Zandik is a Zoroastrian term of uncertain origin and meaning, but conventionally interpreted as 'heretic' in a narrow sense, or, in a wider sense, for a person with any belief or practice that ran contrary to Sassanid-mediated Zoroastrian orthodoxy.

The Middle Persian term engendered the better-attested Arabic zindiq, with the same semantic field but related to Islam rather than Zoroastrianism. In the Islamic world, including Islamic-era Iran, the term was also variously assigned to Manichaeans, Mandaeans, Mazdakites, Zoroastrians, Buddhists, Christians, and free-thinkers in general, including Muslims.
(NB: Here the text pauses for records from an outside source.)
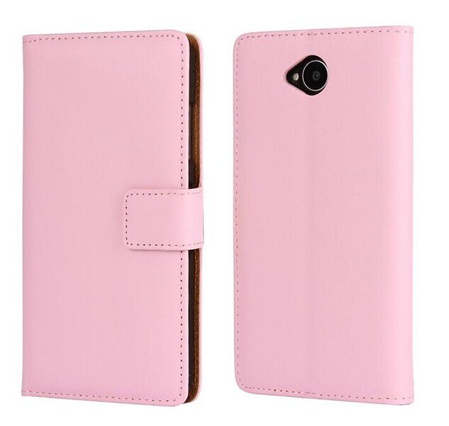 Plånboksfodral Äkta Skinn Lumia 650 Rosa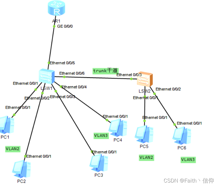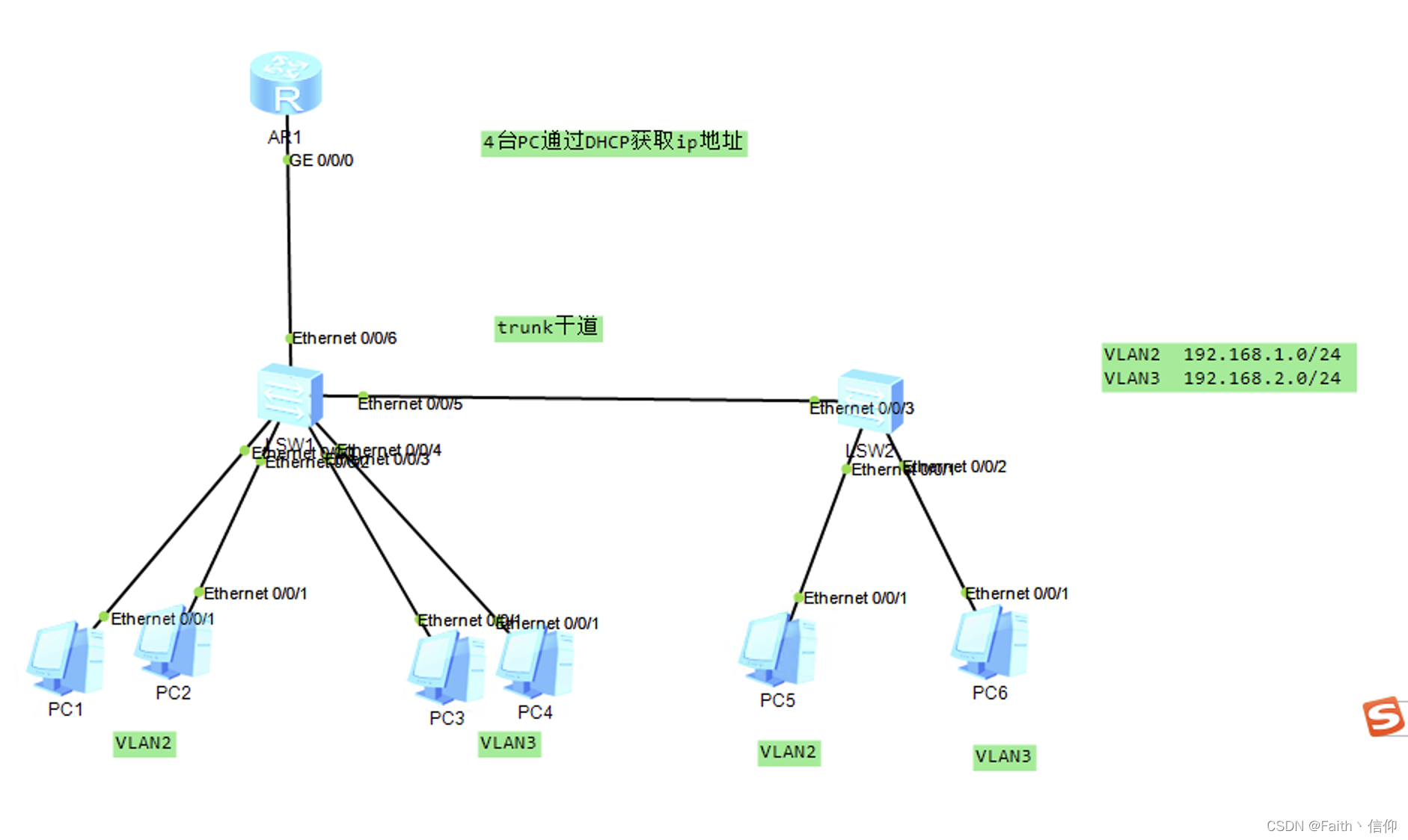 [sw1-Ethernet0/0/5]port trunk allow-pass vlan 2 to 3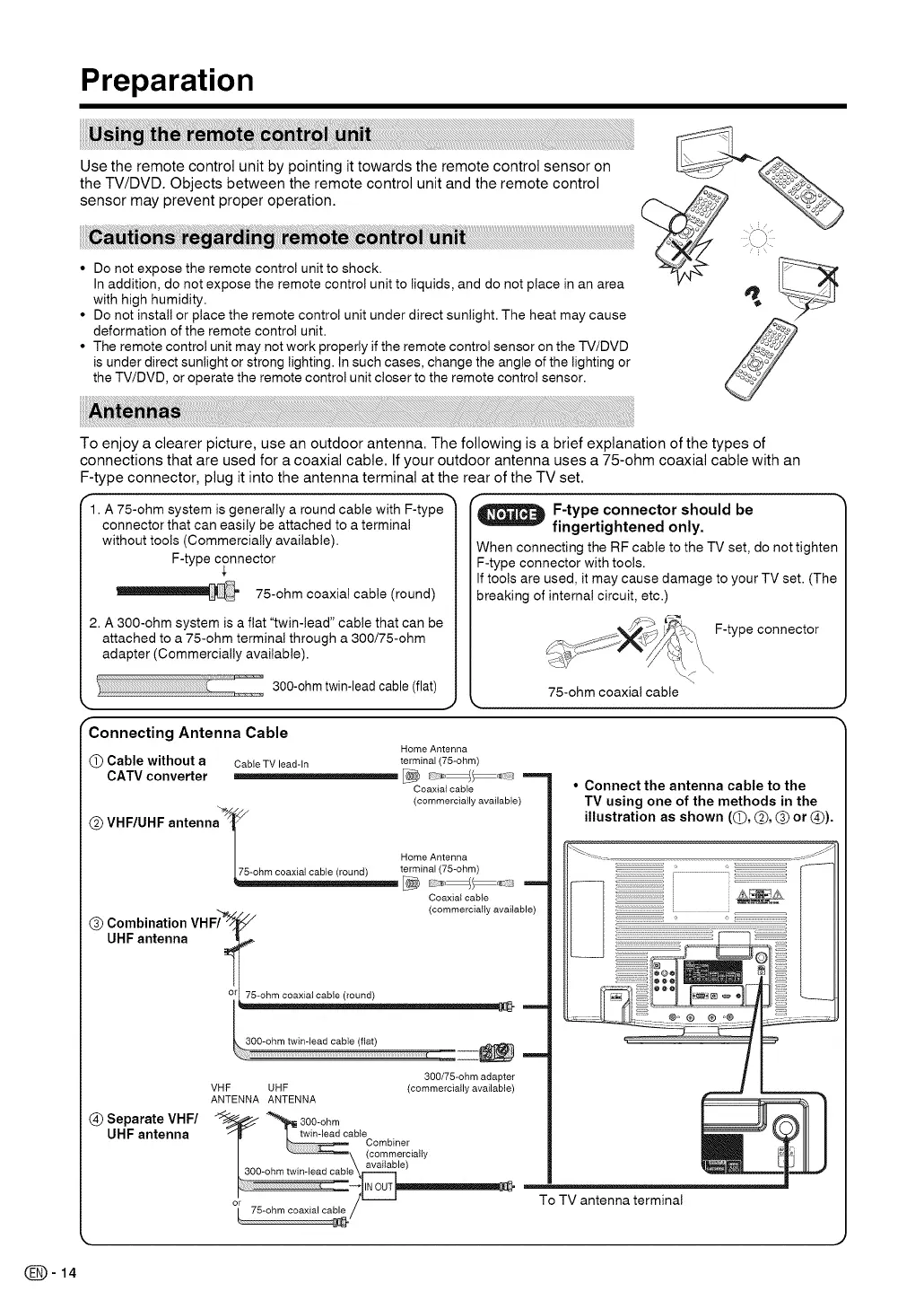 F-type connector, plug it into the antenna terminal at the rear of the TV set.
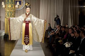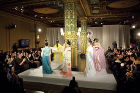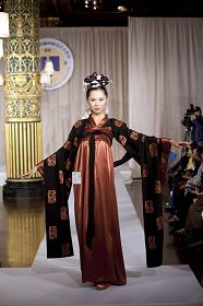 当天在曼哈顿乔治王子宴会厅里,来自三十八位选手的近一百套汉服入围决赛。在T字型舞台上,模特儿们一一展示入围作品,唐装的富贵大气,宋服的婉约、自然,大明的复古出新,沁透着中华深厚文化底蕴,令来宾们深深陶醉于中华灿烂辉煌的文化中。
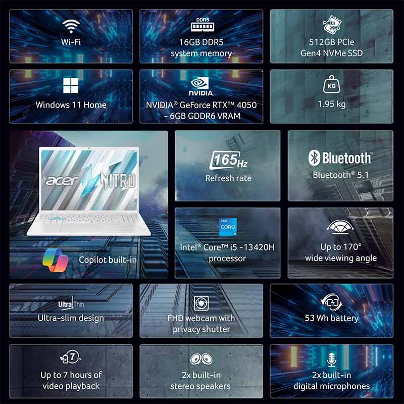 The Acer Nitro Lite comes pre-installed with Windows 11 Home, offering a sleek and intuitive interface, better security, and faster performance. Whether you're gaming, editing, or simply browsing, Windows 11 enhances your experience with advanced features designed to boost productivity and creativity.

Whether zandik was also used in any of these ways in Zoroastrian times is unknown; in that context, the term is only attested in three texts (two from the same author), and in all three appears as a hapax used in a pejorative way, but with no additional hints from which to infer a meaning.

In several now-obsolete studies related to Zoroastrianism, the word was also speculated to be the proper name of a particular (but hypothetical) priestly tradition that embraced Zurvanite doctrine.

The conventional translation as 'heretic' was already common in the 19th century when Christian Bartholomae (1885), derived zandik from Avestan zanda, which he treated as a name of certain heretics.

Early examples of Arabic zindiq primarily denote Manichaeans, and this is possibly also the meaning of the term in the early attested use in Middle Persian (see below). This early usage led A. A. Bevan to derive Middle Persian zandik from Syriac zaddiq 'righteous' as a Manichaean technical term for 'listeners' (i.e. lay persons, as contradistinguished from the Manichaean elite). Bevan's derivation was widely accepted until the 1930s, especially amongst scholars of Semitic languages, but was discredited following a comprehensive review of both Arabic and Iranian usage by H. H. Schaeder (1930). Schaeder pointed out that the substantive was zand, not zandik (an etymology would thus have to explain zand, not zandik), as -ik was merely a regular Middle Iranian adjectivizing suffix.